2002-10-30 Thread Steven
I suppose posting the config would help...

YahooBB-Router#sh run
Building configuration...

Current configuration : 1779 bytes
!
! Last configuration change at 16:42:47 JST Wed Oct 30 2002
!
version 12.2
no service single-slot-reload-enable
service tcp-keepalives-in
service tcp-keepalives-out
service timestamps debug datetime localtime show-timezone
service timestamps log datetime localtime show-timezone
service password-encryption
service udp-small-servers
service tcp-small-servers
!
hostname YahooBB-Router
!
logging rate-limit console 10 except errors
enable secret 5 $1$c9.a$lpUgd8kGiwWmFJ.yTpfAD.
!
clock timezone JST 9
ip subnet-zero
no ip finger
ip name-server x.x.x.x
ip dhcp excluded-address 192.168.1.1 192.168.1.15
!
ip dhcp pool PrivateNet
network 192.168.1.0 255.255.255.0
default-router 192.168.1.1
dns-server x.x.x.x
!
ip cef
no ip dhcp-client network-discovery
!
!
!
!
interface Ethernet0
description toLAN
ip address 192.168.1.1 255.255.255.0
ip nat inside
no ip mroute-cache
load-interval 30
!
interface Ethernet1
description ToYahooBB_Modem
ip address dhcp
ip nat outside
no ip mroute-cache
load-interval 30
!
interface Serial0
no ip address
no ip mroute-cache
shutdown
!
interface Serial1
no ip address
no ip mroute-cache
shutdown
!
ip kerberos source-interface any
ip nat inside source list 101 interface Ethernet1 overload
ip classless
ip route 0.0.0.0 0.0.0.0 ethernet 1
no ip http server
!
access-list 1 permit x.x.x.x 0.0.0.255
access-list 1 permit x.x.x.x 0.0.0.255
access-list 1 deny any log
access-list 101 permit ip 192.168.1.0 0.0.0.255 any
!
!
line con 0
exec-timeout 500 0
transport input none
line aux 0
transport input all
line vty 0 4
access-class 1 in
exec-timeout 500 0
password 7 xxx
login
!
ntp clock-period 17180016
ntp server x.x.x.x
ntp server x.x.x.x
end

YahooBB-Router#


Steven  wrote in message
news:200210310447.EAA24091;groupstudy.com...
 Got this weird problem with a 2514 I use as a broadband router.

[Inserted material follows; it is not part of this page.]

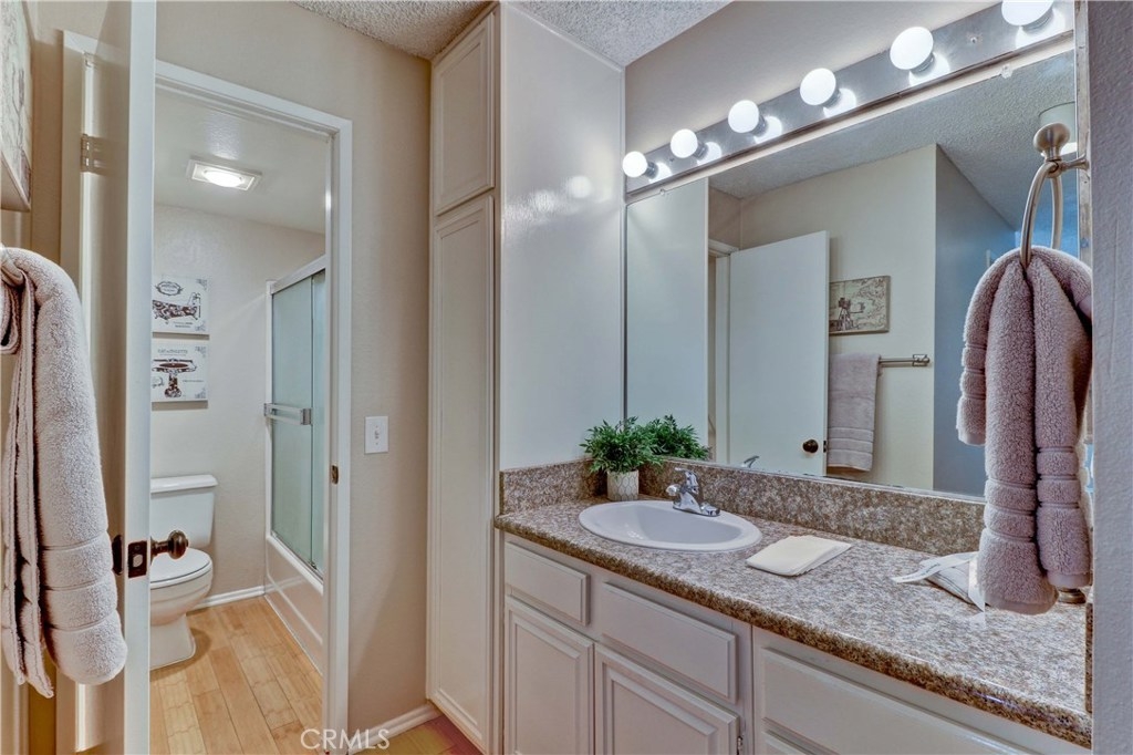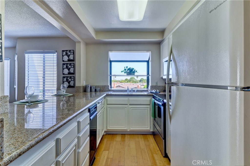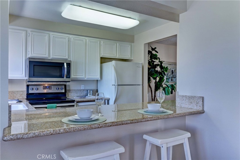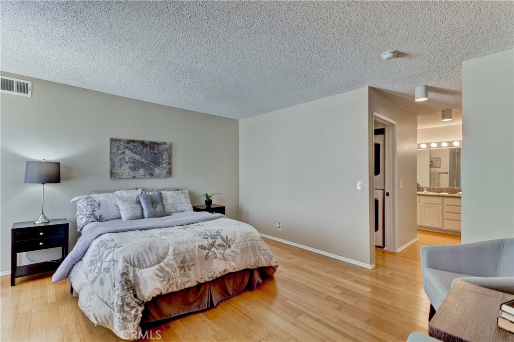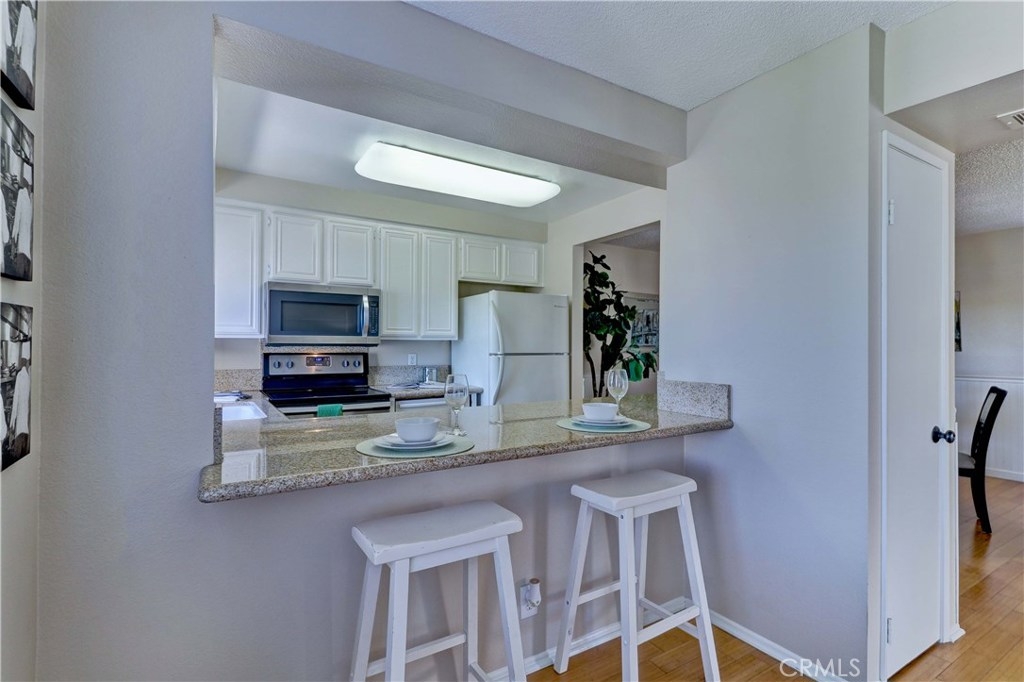 NICELY UPGRADED ONE BEDROOM WITH LARGE DEN! You'll love this beautiful one bedroom condominium with a massive den that could covert to a private bedroom! BAMBOO FLOORS accentuate the open floor plan and flow throughout all areas of the home. The kitchen and den both enjoy PANORAMIC MOUNTAIN AND CITY LIGHT VIEWS! The light and bright kitchen features a garden window, stainless range, stainless microwave, smooth ceilings, upgraded lighting, pantry and granite counters crowned atop white cabinets! The living room is open to the dining area which highlights wainscoting, upgraded moldings and designer lighting! The large master bedroom, with a custom built closet, could easily accommodate both a king size bed and small home office! You'll adore the ensuite with granite counters, a linen closet and white cabinets. There is also a half bath for guests! The huge den includes a ceiling fan, private closet and bay windows! Additional highlights of this corner unit include CENTRAL AIR and INSIDE LAUNDRY with front load washer & dryer included! One covered parking space and a storage locker are also included! VILLA PACIFICA includes a pool, spa, barbecue, evening security patrol and pet potty area! Two dogs/cats under 25lbs. are welcome! Located near the newly revitalized circle area restaurants, retailers, gyms and a new drive-thru Starbucks! This versatile floorpan offering great views and a fantastic location will not last long! Hurry! VA APPROVED!

I connect
 the router to a DSL modem, but it doesn't get an IP address assigned. I
got
 the correct IOS, and have ip address dhcp configured on the outside
 interface.
 When I connect a PC directly to the DSL modem, it gets an IP address
without
 any problems... Of course I release the IP again before I disconnect the
PC.
 Also tried to statically assign the IP (obtained by DHCP with a PC) to my
 router, and everything works just fine... But my provider changes the IP
 every 24hrs.
 :-(

 I have other routers (not 2500s), but didn't have the time yet to try with
 those. Wonder if any of you got similar problems and knows what is wrong?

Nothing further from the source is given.